• INSTRUCTIONS FOR THE TASK
From the line containing "한편 권기창 시장의 재선" to the line containing "美眾院通過法案 強化對中競爭 推動台灣代表處正名" in the records below, set down every line exactly as it stands, both ends included, and skip the pictures.

• ENTRIES SHOWN

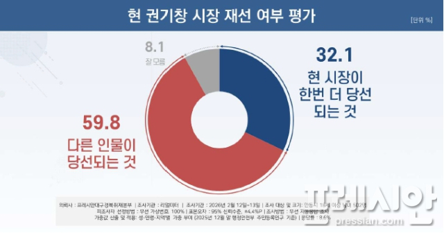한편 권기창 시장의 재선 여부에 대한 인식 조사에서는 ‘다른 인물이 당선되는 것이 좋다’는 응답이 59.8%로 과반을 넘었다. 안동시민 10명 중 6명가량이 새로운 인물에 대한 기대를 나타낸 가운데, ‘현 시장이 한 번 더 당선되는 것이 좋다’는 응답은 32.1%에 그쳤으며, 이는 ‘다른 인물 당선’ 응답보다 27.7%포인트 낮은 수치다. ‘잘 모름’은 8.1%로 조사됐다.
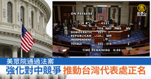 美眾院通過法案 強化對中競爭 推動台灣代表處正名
...
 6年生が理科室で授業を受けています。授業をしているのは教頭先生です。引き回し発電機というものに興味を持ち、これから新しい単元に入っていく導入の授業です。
--
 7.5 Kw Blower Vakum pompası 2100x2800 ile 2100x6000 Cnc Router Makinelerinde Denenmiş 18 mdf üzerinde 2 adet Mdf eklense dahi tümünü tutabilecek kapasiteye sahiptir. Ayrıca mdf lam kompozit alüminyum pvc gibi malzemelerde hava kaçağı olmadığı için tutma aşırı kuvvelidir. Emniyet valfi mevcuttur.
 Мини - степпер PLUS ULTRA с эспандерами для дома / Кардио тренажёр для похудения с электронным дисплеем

• SOLUTION FOR THIS PROBLEM
한편 권기창 시장의 재선 여부에 대한 인식 조사에서는 ‘다른 인물이 당선되는 것이 좋다’는 응답이 59.8%로 과반을 넘었다. 안동시민 10명 중 6명가량이 새로운 인물에 대한 기대를 나타낸 가운데, ‘현 시장이 한 번 더 당선되는 것이 좋다’는 응답은 32.1%에 그쳤으며, 이는 ‘다른 인물 당선’ 응답보다 27.7%포인트 낮은 수치다. ‘잘 모름’은 8.1%로 조사됐다.
 美眾院通過法案 強化對中競爭 推動台灣代表處正名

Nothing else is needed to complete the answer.